• **DIRECTIONS**: Please output, without any change, the lines of the material below from the very first through the one with "This professional quality".

• **RECORDS SUPPLIED**:
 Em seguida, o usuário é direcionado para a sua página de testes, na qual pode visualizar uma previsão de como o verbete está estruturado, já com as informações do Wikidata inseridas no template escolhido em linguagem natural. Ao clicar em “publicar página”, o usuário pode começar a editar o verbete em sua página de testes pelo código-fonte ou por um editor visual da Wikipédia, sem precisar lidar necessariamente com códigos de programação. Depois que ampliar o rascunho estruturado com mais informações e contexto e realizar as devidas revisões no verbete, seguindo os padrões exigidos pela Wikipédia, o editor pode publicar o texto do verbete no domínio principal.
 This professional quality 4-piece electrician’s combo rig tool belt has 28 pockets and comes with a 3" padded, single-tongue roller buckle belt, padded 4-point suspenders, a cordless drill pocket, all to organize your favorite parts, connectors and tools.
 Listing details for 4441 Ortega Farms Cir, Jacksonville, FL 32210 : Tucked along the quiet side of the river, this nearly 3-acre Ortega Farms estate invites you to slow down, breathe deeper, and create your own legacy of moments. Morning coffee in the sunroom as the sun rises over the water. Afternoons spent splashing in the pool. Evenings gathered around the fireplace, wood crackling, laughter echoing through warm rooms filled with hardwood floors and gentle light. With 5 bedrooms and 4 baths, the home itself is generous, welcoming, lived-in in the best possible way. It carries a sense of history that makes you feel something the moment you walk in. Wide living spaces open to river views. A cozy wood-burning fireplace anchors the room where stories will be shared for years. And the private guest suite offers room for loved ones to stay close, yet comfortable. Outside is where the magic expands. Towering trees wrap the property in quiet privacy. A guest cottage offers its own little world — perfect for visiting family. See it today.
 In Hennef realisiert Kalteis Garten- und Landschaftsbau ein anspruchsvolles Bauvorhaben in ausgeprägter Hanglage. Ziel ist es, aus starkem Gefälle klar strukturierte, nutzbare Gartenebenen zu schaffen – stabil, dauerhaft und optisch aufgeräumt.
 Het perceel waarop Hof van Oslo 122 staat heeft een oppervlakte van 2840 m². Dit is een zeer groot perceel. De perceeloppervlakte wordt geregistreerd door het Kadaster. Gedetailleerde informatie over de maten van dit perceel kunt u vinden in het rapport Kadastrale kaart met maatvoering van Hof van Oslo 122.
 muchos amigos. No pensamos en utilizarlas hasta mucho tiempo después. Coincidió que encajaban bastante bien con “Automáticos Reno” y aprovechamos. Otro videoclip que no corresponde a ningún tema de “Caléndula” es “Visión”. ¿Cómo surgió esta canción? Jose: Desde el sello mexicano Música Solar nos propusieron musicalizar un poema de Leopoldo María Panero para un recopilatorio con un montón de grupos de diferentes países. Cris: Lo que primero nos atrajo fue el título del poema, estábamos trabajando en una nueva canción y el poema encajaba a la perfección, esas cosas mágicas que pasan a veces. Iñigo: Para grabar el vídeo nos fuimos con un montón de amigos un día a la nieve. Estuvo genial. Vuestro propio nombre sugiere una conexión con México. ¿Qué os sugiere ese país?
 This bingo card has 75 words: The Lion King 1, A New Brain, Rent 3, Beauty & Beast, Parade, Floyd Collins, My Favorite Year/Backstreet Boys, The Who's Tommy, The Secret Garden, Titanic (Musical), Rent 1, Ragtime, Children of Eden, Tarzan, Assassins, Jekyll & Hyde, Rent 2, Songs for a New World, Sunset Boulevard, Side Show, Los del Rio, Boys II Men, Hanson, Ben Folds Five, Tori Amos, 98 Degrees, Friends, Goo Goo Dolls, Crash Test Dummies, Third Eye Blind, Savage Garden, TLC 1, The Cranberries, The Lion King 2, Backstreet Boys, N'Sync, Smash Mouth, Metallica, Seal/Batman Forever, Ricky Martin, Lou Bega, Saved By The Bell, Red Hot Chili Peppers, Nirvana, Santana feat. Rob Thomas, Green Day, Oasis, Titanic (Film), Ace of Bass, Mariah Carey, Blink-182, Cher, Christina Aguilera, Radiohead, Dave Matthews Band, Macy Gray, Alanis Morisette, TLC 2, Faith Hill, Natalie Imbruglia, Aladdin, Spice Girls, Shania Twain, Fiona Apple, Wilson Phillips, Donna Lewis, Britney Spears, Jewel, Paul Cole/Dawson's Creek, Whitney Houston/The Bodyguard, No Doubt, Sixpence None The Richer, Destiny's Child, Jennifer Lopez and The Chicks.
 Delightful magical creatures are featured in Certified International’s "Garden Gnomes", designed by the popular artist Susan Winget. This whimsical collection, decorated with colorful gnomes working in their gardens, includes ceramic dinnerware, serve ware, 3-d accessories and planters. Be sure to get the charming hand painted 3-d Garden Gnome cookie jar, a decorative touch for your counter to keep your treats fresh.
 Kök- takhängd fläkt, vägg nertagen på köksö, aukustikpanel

• **SOLUTION FOR THIS TASK**:
 Em seguida, o usuário é direcionado para a sua página de testes, na qual pode visualizar uma previsão de como o verbete está estruturado, já com as informações do Wikidata inseridas no template escolhido em linguagem natural. Ao clicar em “publicar página”, o usuário pode começar a editar o verbete em sua página de testes pelo código-fonte ou por um editor visual da Wikipédia, sem precisar lidar necessariamente com códigos de programação. Depois que ampliar o rascunho estruturado com mais informações e contexto e realizar as devidas revisões no verbete, seguindo os padrões exigidos pela Wikipédia, o editor pode publicar o texto do verbete no domínio principal.
 This professional quality 4-piece electrician’s combo rig tool belt has 28 pockets and comes with a 3" padded, single-tongue roller buckle belt, padded 4-point suspenders, a cordless drill pocket, all to organize your favorite parts, connectors and tools.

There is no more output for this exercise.